Figure 1. Frozen mice exhibit decreased frequencies of peripheral B cells. Flow cytometric analysis of peripheral blood was utilized to determine B cell frequency. Normalized data are shown. Abbreviations: WT, wild-type; REF, homozygous reference mice; HET, heterozygous variant mice; VAR, homozygous variant mice. Mean (μ) and standard deviation (σ) are indicated.

Figure 2. Frozen mice exhibit decreased frequencies of peripheral IgM+ B cells. Flow cytometric analysis of peripheral blood was utilized to determine IgM+ B cell frequency. Normalized data are shown. Abbreviations: WT, wild-type; REF, homozygous reference mice; HET, heterozygous variant mice; VAR, homozygous variant mice. Mean (μ) and standard deviation (σ) are indicated.

Figure 3. Frozen mice exhibit decreased percentages of peripheral IgD+ B cells. Flow cytometric analysis of peripheral blood was utilized to determine IgD+ B cell percentages.

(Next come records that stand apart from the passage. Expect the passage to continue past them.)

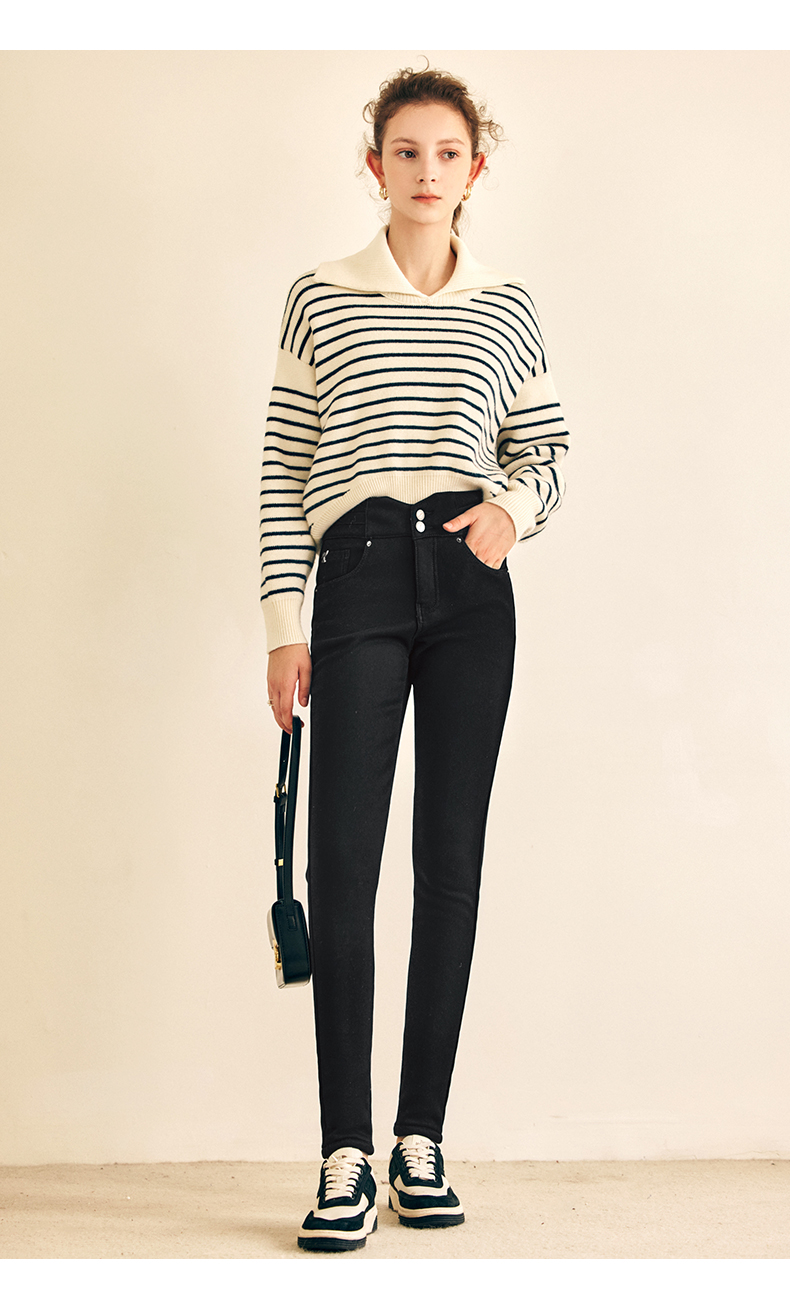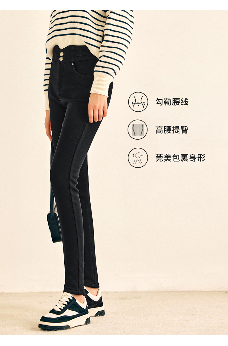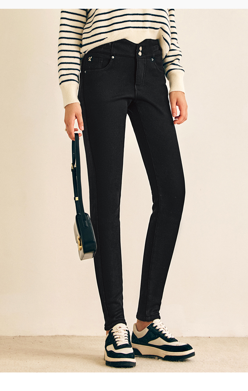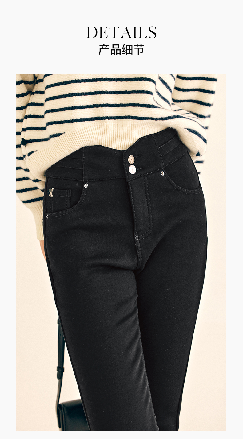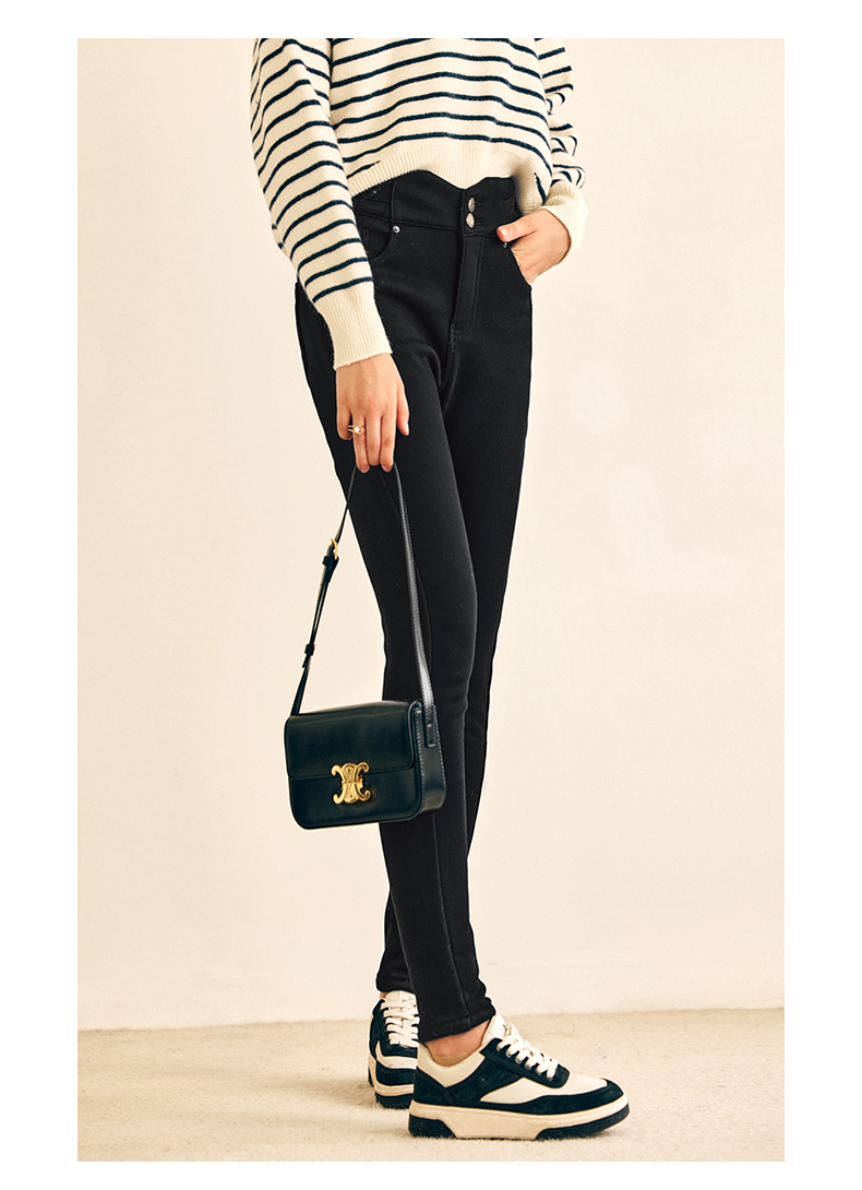 OLrain欧芮儿法式黑色加绒牛仔裤女春2025年新款高腰紧身小脚裤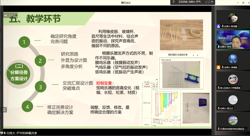 尹平作《欢乐好声音》案例分享。案例设计了丰富的活动让学生探索音调高低、强弱和震动的关系,最后来设计一个简易乐器,学生通过交流合作的方式改进完善自己的设计,教师从多个维度也搭建了探究支架,引导了学生进行思考,提升了学生分析问题的能力和设计思维。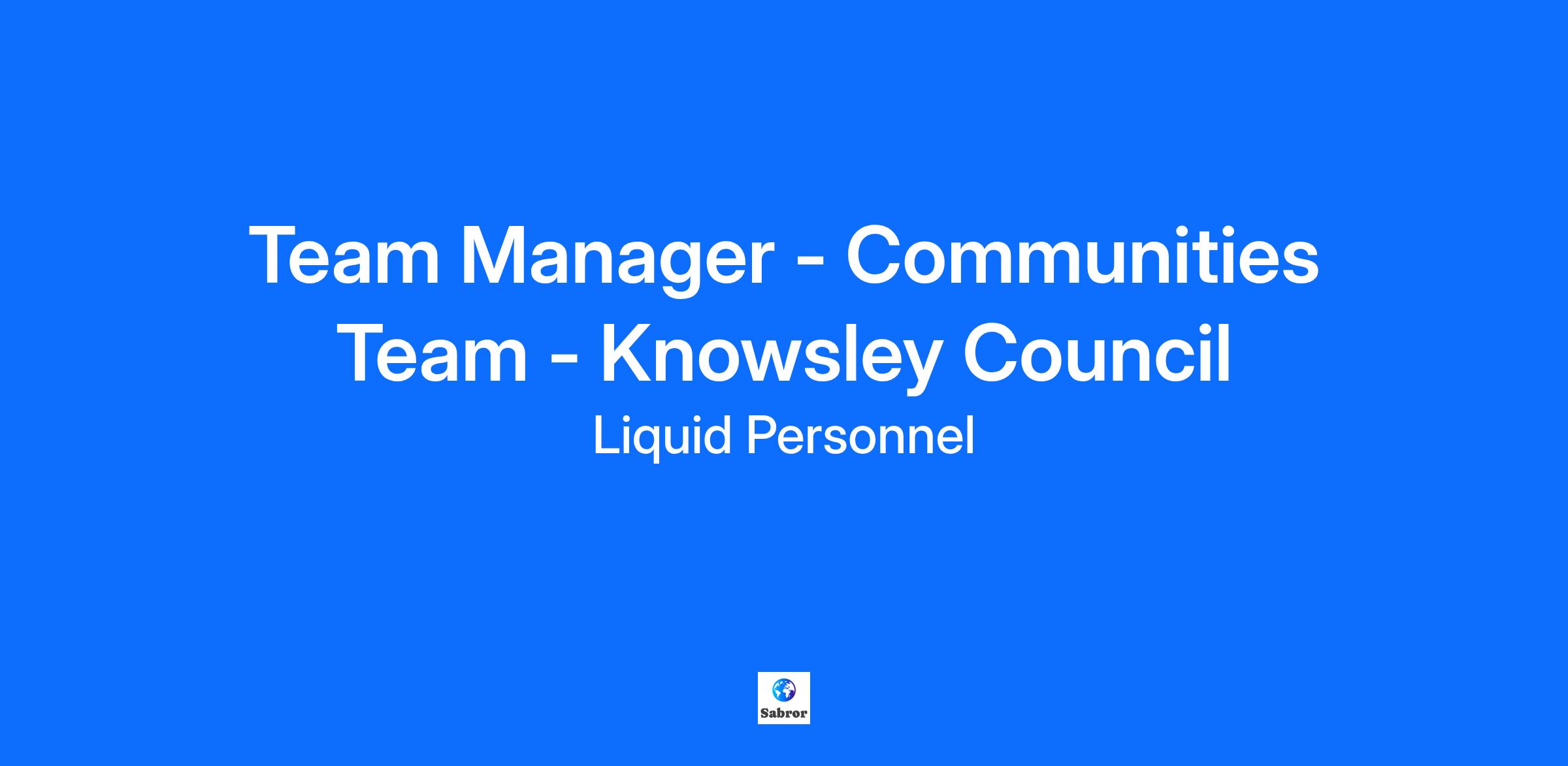 Job Title: Team Manager - Communities Team Location: Knowsley Council Rate: £44.86 per hour An exciting job role has recently become available for a Team Manager. They are looking for a new member to join the Communities team in Knowsley. What will your responsibilities be? In this role, you will manage the staff across the team to operate to the highest standard, ensuring effective case management is delivered to vulnerable customers and their carers or representatives. You will oversee appropriate support planning and case management, manage and plan services to meet the needs of individuals, and stay abreast of legislative developments and strategic requirements. You will establish and improve service standards through information exchange and collaboration with partnership, commissioning, care management, and provider colleagues. Ensuring compliance with legal, regulatory, ethical, and social requirements is a key part of your responsibilities. Additionally, you will implement and monitor compliance with quality assurance systems and carry out quality audits to maintain high standards of service delivery. Benefits: Rare managerial opportunity Competitive pay rate - highest in the area Initial 3 month contract with potential to extend Qualifications and Experiences: To be successful in this role you must have Social Work England registration, be eligible to work in the UK, hold a qualification in Social Work at degree level, and have post-qualified experience. How to apply? If this is a job for you, feel free to click apply below or if you want to learn more about it, please contact 0345 241 9590. Why Liquid Personnel? New ‘Faster Pay’ service getting you paid more quickly Twice weekly payroll Free DBS and compliance service Access to exclusive roles that aren’t available from other agencies Free access to Liquid’s exclusive social work training and CPD portal Your own dedicated consultant with extensive social work knowledge Access to a wide selection of social work positions across the UK “Refer a Friend” bonus – get £500 for each social worker you refer who we successfully place* “Find your own job” bonus – get £250 for bringing your own position to us * Liquid Personnel is an equal opportunities employer. Liquid Personnel Ltd is acting as an Employment Business in relation to this vacancy. * Terms and conditions apply to our bonus schemes. Reasonable Adjustments: If you consider yourself to have a disability or require any reasonable adjustment during the recruitment process or within the workplace, please highlight this at the earliest opportunity by contacting our team. With this information, we will provide appropriate support to you throughout the process and into your work placement. We are unable to support or accept applications from candidates who are residents within the Red or Amber list of the Code of practice for the international recruitment of health and social care personnel in England, based on the World Health Organisation (WHO) Workforce Support and Safeguard List. GH - 28217 BH - 188212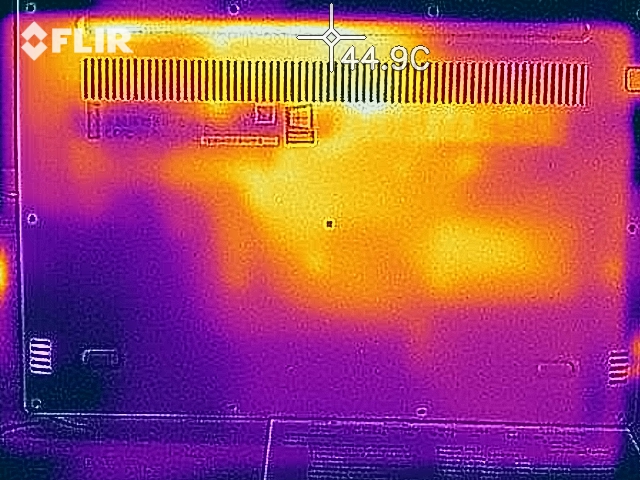 Sfortunatamente, l'IdeaPad 720 è peggiore nel gestire le temperature superficiali sotto carico. La distribuzione del calore non è uniforme. Le temperature superficiali del case sono in media di 33,2 °C sotto carico, mentre la parte più calda raggiunge i 41,2 °C. L'area più calda è il centro e il lato sinistro della tastiera, mentre l'area del poggiapolsi e del trackpad è in media di 25,6 °C.
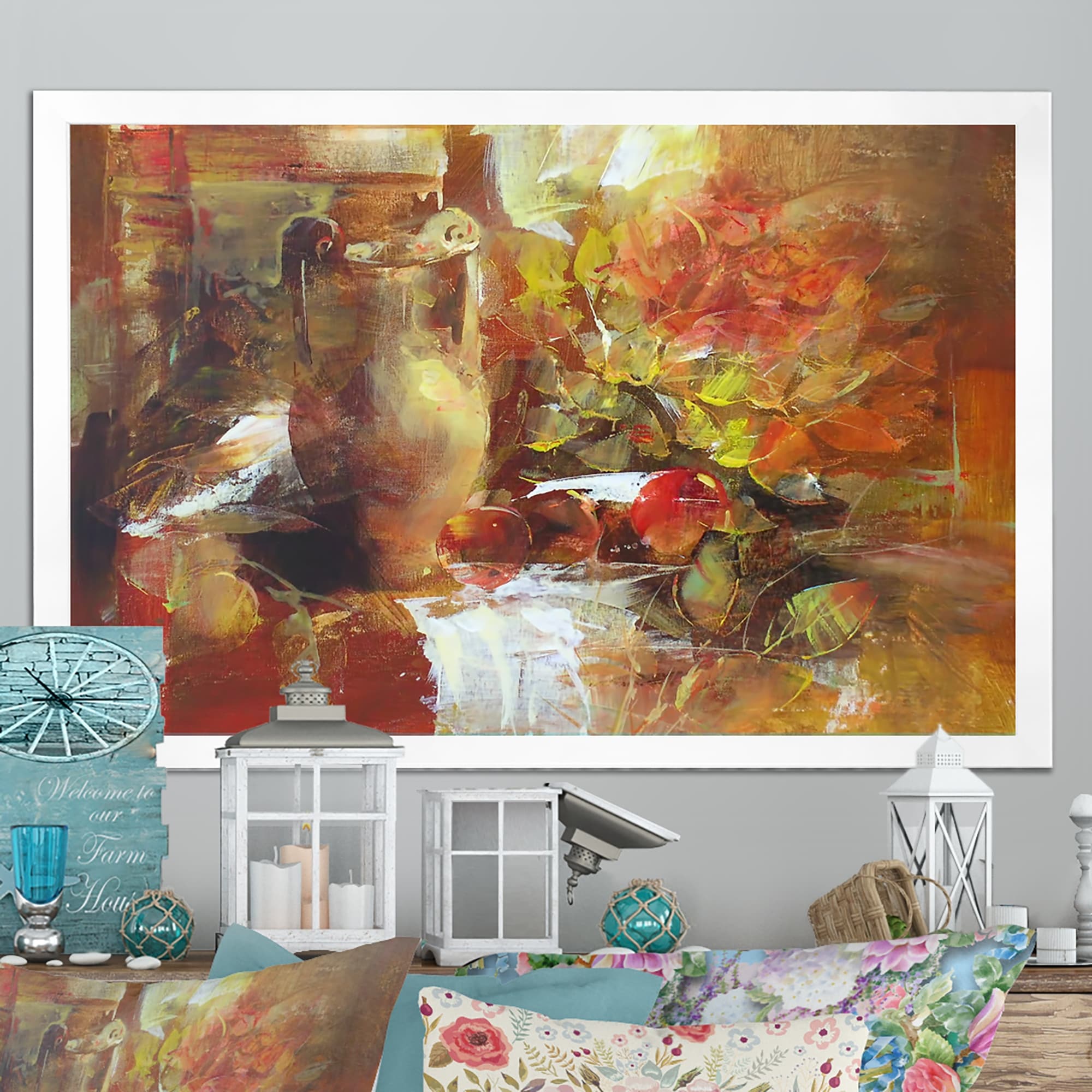 Designart "Still Life Farmhouse Flowers And Fruits" Traditional Framed Wall Decor
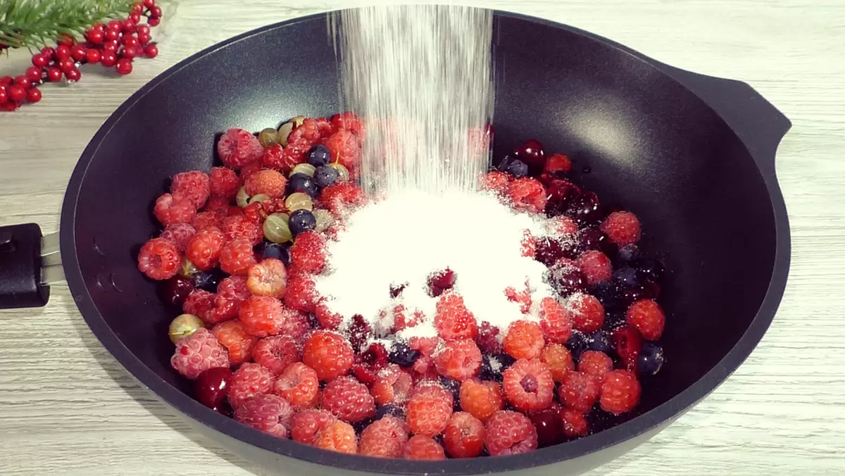 Ягоды можно выбрать любые, даже замороженные. Для начала их нужно выложить в кастрюлю и добавить половину сахара, тщательно перемешав. Затем поставить смесь на плиту.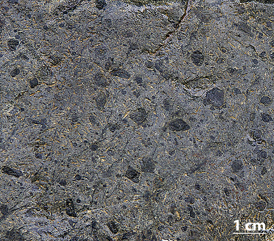 Her er tale om en basalt. En typisk basalt er en sort eller næsten sort, finkornet eller tæt vulkansk bjergart. Den er altså en bjergart opstået ved hurtig størkning af magma. Basalt består af diverse silikater, f.eks. olivin, pyroxen, amfibol og anorthit (Ca-rig feldspat). De mørke mineraæer er først og fremmest augit. Densiteten af basalt er mellem 2,8 og 3,0.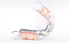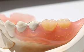 入れ歯の歯ぐきに接する部分を金属で作製した入れ歯です。一般的な入れ歯と違い、熱伝導性が高いため食事の温かさや冷たさを自然に感じられ、美味しく食事を楽しめます。また、金属製なので割れにくく、変形しにくい特徴があります。
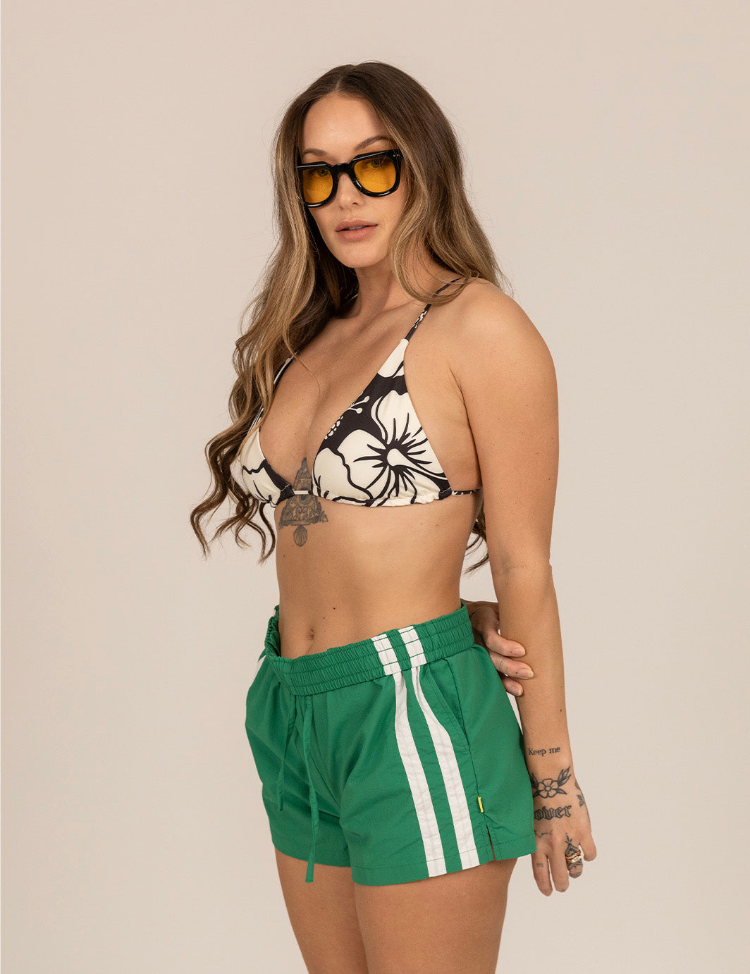 Amara (lifestyle model) : 5'5" [34" Hips, 25" Waist] Wearing sizes (SBikini Top, S Bikini Bottom, S Cabana Pants, S Cabana Shirt, S Tank, S Nylon Shorts, 26 Work Pants & 26 Walk Shorts)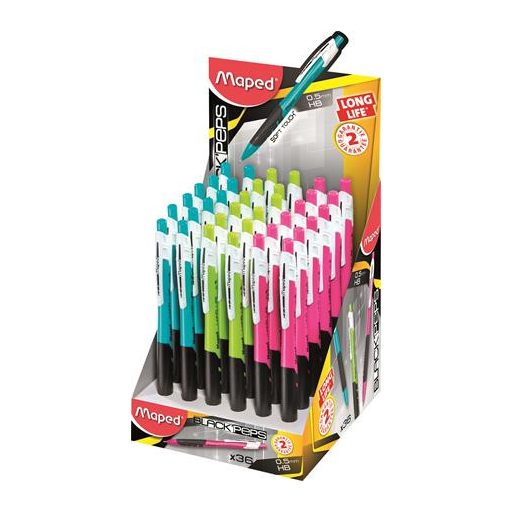 Nyomósirón display, 0,5 mm, MAPED "Long Life", vegyes színek

Normalized data are shown. Abbreviations: WT, wild-type; REF, homozygous reference mice; HET, heterozygous variant mice; VAR, homozygous variant mice. Mean (μ) and standard deviation (σ) are indicated.

Figure 4. Frozen mice exhibit increased frequencies of peripheral T cells. Flow cytometric analysis of peripheral blood was utilized to determine T cell frequency. Normalized data are shown. Abbreviations: WT, wild-type; REF, homozygous reference mice; HET, heterozygous variant mice; VAR, homozygous variant mice. Mean (μ) and standard deviation (σ) are indicated.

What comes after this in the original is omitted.